(Input material begins)

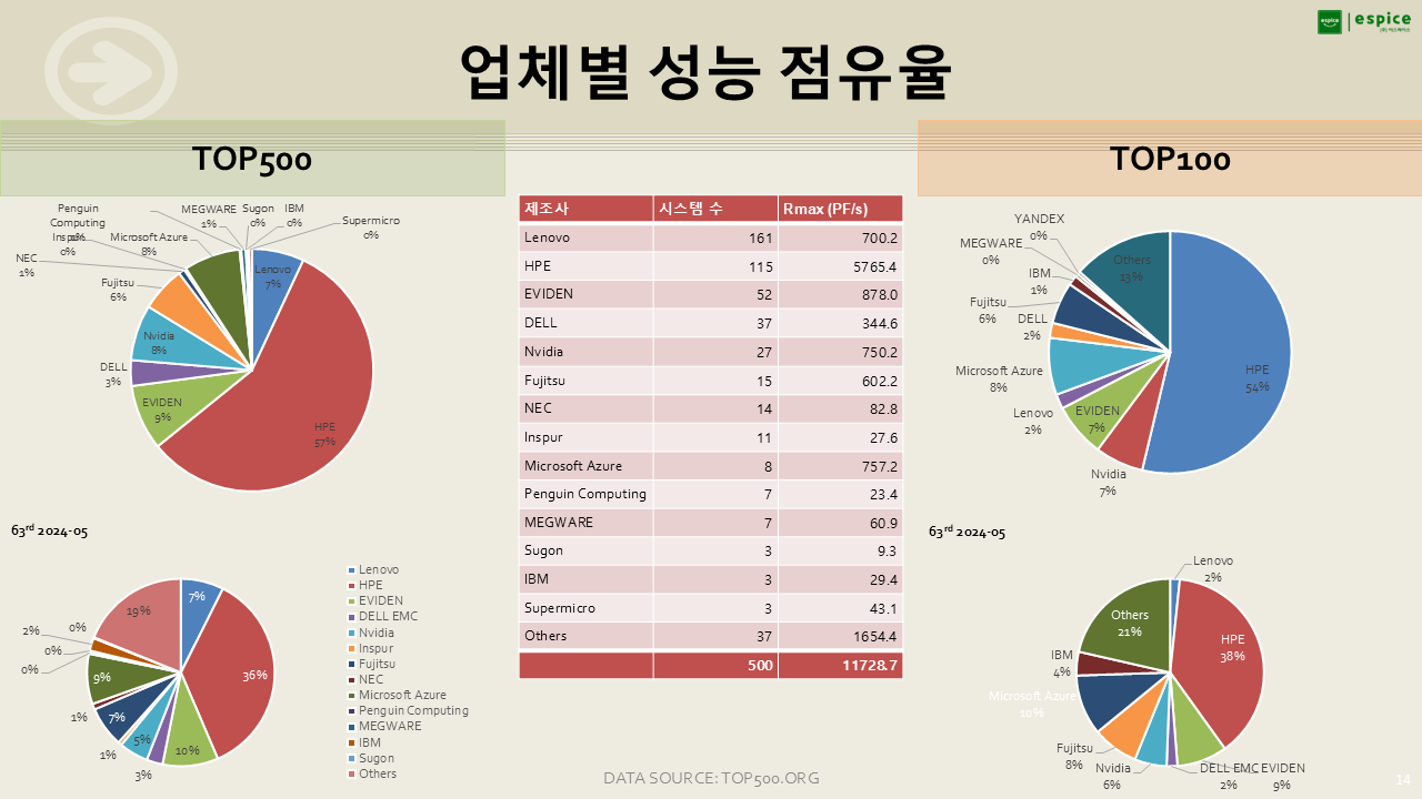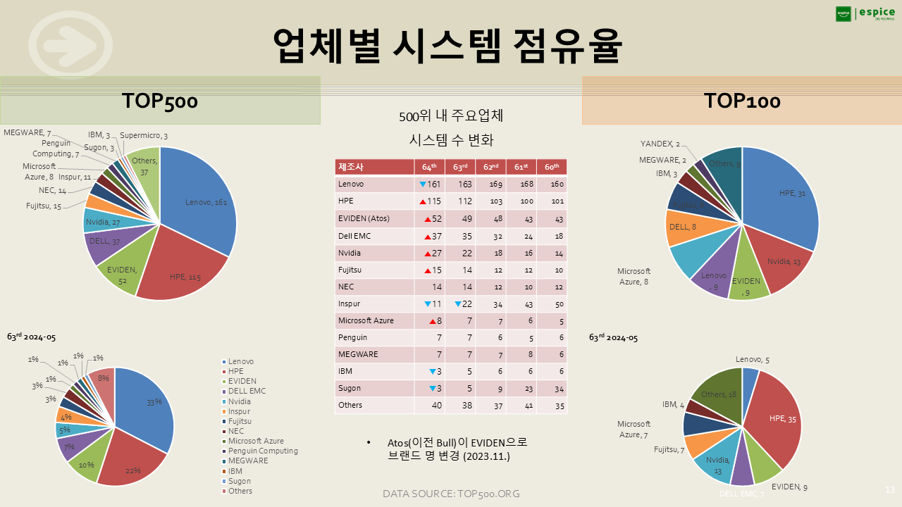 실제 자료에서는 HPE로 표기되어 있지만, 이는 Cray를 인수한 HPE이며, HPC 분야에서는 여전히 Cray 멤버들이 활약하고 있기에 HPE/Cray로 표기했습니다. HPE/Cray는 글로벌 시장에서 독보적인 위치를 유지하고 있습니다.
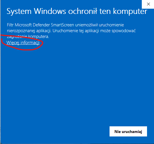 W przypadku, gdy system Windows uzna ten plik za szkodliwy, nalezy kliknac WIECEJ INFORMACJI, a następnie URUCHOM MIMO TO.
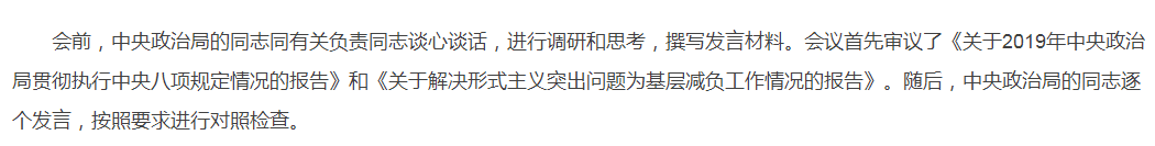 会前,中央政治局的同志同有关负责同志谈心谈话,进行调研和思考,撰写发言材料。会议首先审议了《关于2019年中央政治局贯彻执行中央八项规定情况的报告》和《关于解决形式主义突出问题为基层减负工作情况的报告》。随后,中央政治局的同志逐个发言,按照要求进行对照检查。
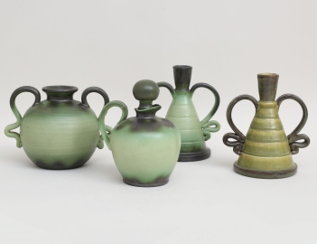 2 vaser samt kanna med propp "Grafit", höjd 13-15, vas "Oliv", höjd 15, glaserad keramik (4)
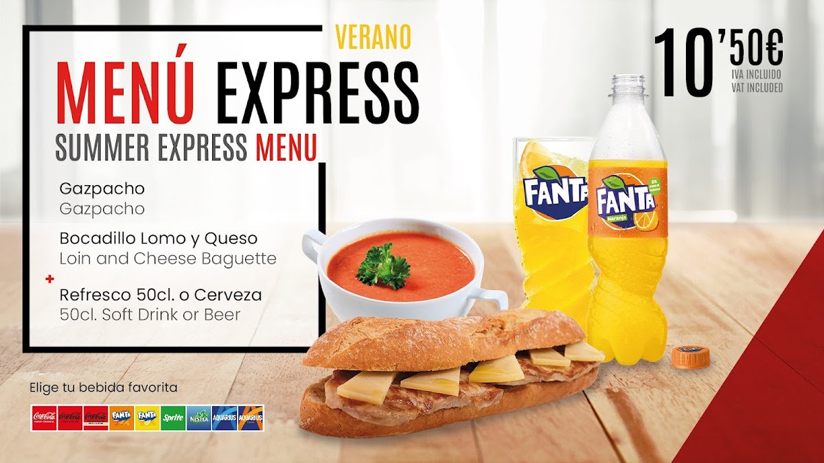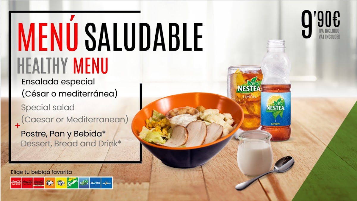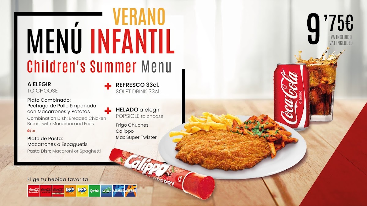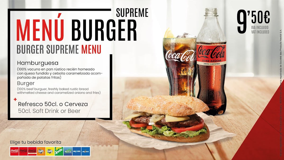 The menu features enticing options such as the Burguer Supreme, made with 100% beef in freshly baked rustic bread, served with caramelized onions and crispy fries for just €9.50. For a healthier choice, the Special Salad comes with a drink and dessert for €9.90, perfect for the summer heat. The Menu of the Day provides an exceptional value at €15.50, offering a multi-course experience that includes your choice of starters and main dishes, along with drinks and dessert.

(Input material ends)

» Aim of the task
Your task is to print exactly the lines from the one containing "会前,中央政治局的同志同有关" through the final line of the records above, with no pictures and nothing more.

» Exercise answer
 会前,中央政治局的同志同有关负责同志谈心谈话,进行调研和思考,撰写发言材料。会议首先审议了《关于2019年中央政治局贯彻执行中央八项规定情况的报告》和《关于解决形式主义突出问题为基层减负工作情况的报告》。随后,中央政治局的同志逐个发言,按照要求进行对照检查。
 2 vaser samt kanna med propp "Grafit", höjd 13-15, vas "Oliv", höjd 15, glaserad keramik (4)
 The menu features enticing options such as the Burguer Supreme, made with 100% beef in freshly baked rustic bread, served with caramelized onions and crispy fries for just €9.50. For a healthier choice, the Special Salad comes with a drink and dessert for €9.90, perfect for the summer heat. The Menu of the Day provides an exceptional value at €15.50, offering a multi-course experience that includes your choice of starters and main dishes, along with drinks and dessert.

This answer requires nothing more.